1.3.4.1 Changes in coral reefs
Concerns about the impacts of climate change on coral reefs centre on the effects of the recent trends in increasing acidity (via increasing CO2), storm intensity and sea surface temperatures (see Bindoff et al., 2007, Section 5.4.2.3; Trenberth et al., 2007, Sections 3.8.3 and 3.2.2).
Decreasing pH (see Chapter 4, Box 4.4) leads to a decreased aragonite saturation state, one of the main physicochemical determinants of coral calcification (Kleypas et al., 1999). Although laboratory experiments have demonstrated a link between aragonite saturation state and coral growth (Langdon et al., 2000; Ohde and Hossain, 2004), there are currently no data relating altered coral growth in situ to increasing acidity.
Storms damage coral directly through wave action and indirectly through light attenuation by suspended sediment and abrasion by sediment and broken corals. Most studies relate to individual storm events, but a meta-analysis of data from 1977 to 2001 showed that coral cover on Caribbean reefs decreased by 17% on average in the year following a hurricane, with no evidence of recovery for at least 8 years post-impact (Gardner et al., 2005). Stronger hurricanes caused more coral loss, but the second of two successive hurricanes caused little additional damage, suggesting a greater future effect from increasing hurricane intensity rather than from increasing frequency (Gardner et al., 2005).
There is now extensive evidence of a link between coral bleaching – a whitening of corals as a result of the expulsion of symbiotic zooxanthellae (see Chapter 6, Box 6.1) – and sea surface temperature anomalies (McWilliams et al., 2005). Bleaching usually occurs when temperatures exceed a ‘threshold’ of about 0.8-1°C above mean summer maximum levels for at least 4 weeks (Hoegh-Guldberg, 1999). Regional-scale bleaching events have increased in frequency since the 1980s (Hoegh-Guldberg, 1999). In 1998, the largest bleaching event to date is estimated to have killed 16% of the world’s corals, primarily in the western Pacific and the Indian Ocean (Wilkinson, 2004). On many reefs, this mortality has led to a loss of structural complexity and shifts in reef fish species composition (Bellwood et al., 2006; Garpe et al., 2006; Graham et al., 2006). Corals that recover from bleaching suffer temporary reductions in growth and reproductive capacity (Mendes and Woodley, 2002), while the recovery of reefs following mortality tends to be dominated by fast-growing and bleaching-resistant coral genera (Arthur et al., 2005).

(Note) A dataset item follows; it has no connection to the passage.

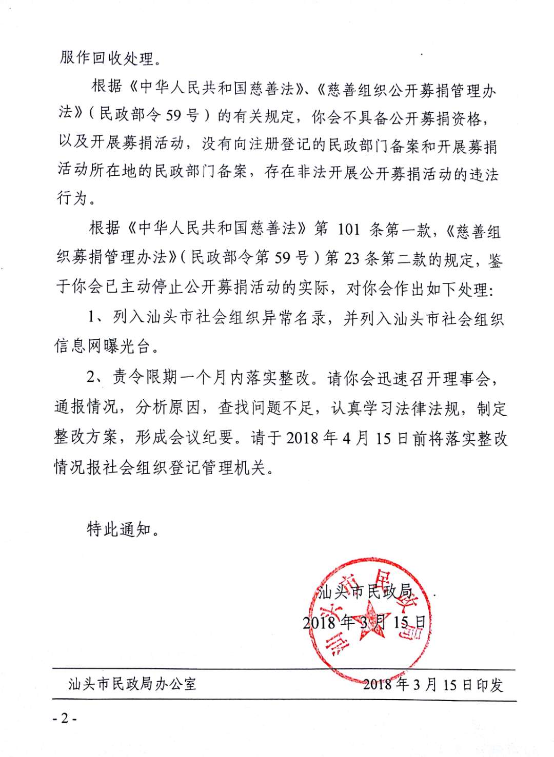 汕头市民政局关于行政执法约谈汕头市明灯慈善会责令限期整改的通知

While there is increasing evidence for climate change impacts on coral reefs, disentangling the impacts of climate-related stresses from other stresses (e.g., over-fishing and pollution; Hughes et al., 2003b) is difficult. In addition, inter-decadal variation in pH (Pelejero et al., 2005), storm activity (Goldenberg et al., 2001) and sea surface temperatures (Mestas-Nunez and Miller, 2006) linked, for example, to the El Niño-Southern Oscillation and Pacific Decadal Oscillation, make it more complicated to discern the effect of anthropogenic climate change from natural modes of variability (Section 1.3.4). An analysis of bleaching in the Caribbean indicates that 70% of the variance in geographic extent of bleaching between 1983 and 2000 could be attributed to variation in ENSO and atmospheric dust (Gill et al., 2006).